Promotion as a solution to churn

As Great Reshuffle hits the shores of tech companies, they aim to keep the talent in the company as much as they can. Because hiring is too expensive. Hiring means engineering time spent in the interviews, opportunity cost due to lost productivity etc.

Companies started to increase the salaries and benefits of tech employees, but hey they can not give XX,XXX€ salary to a senior engineer, that bar is too high for this level. Then they decided to give out promotions Senior Engineers are becoming leads, architects or principals. So the company can match the monetary expectations.

And this resulted in what I meant with “title inflation”. In some interviews or in some companies we see Senior Engineers who can not draw a solution, Principal Engineers who can not design a system or leads who can not communicate with their team.

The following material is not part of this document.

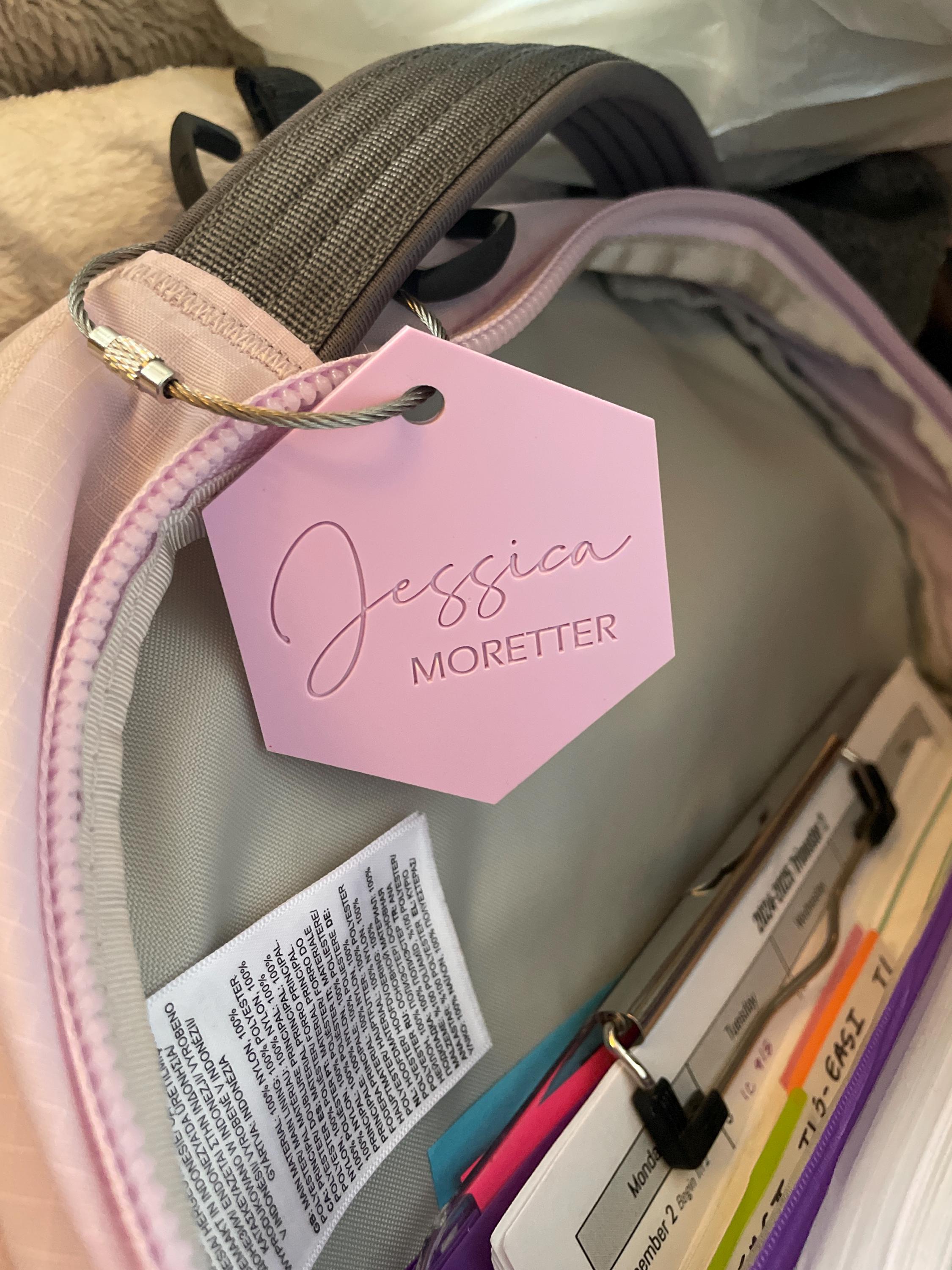 Seeking a backpack tag resilient enough to endure the rigors of school and travel? Look no further. Elevate your bag game with Mod Envy's Acrylic Backpack Tag. Effortlessly label your belongings for swift identification, ensuring they shine amidst the crowd!

Also, we see this method as a way to speed up talent acquisition lately. Due to the Great Reshuffle, some companies just throw in title and compensation packages [9] to convince candidates.


On one hand, I don’t want to lose any colleagues due to the fact they want more money. On the other hand, I don’t find it correct to promote incapable engineers to the next step until they collect the necessary experience.

This brings me to a solution offering, which is raising the salary bands for the existing roles. This solution highly depends on my belief that most engineers do not really care about titles. As I said titles vary hugely in different companies so being a Senior in Company A or being a Principal in Company B may not have any difference as long as they earn the same.

In contrast, I can understand the employer. When it comes to “competitive salary levels” the sky is the limit and there is a border where the value provided by an engineer becomes less than their cost. So they can not keep raising the bands.

I really wonder what will the future bring in sense of titles and their expectations? What do you think?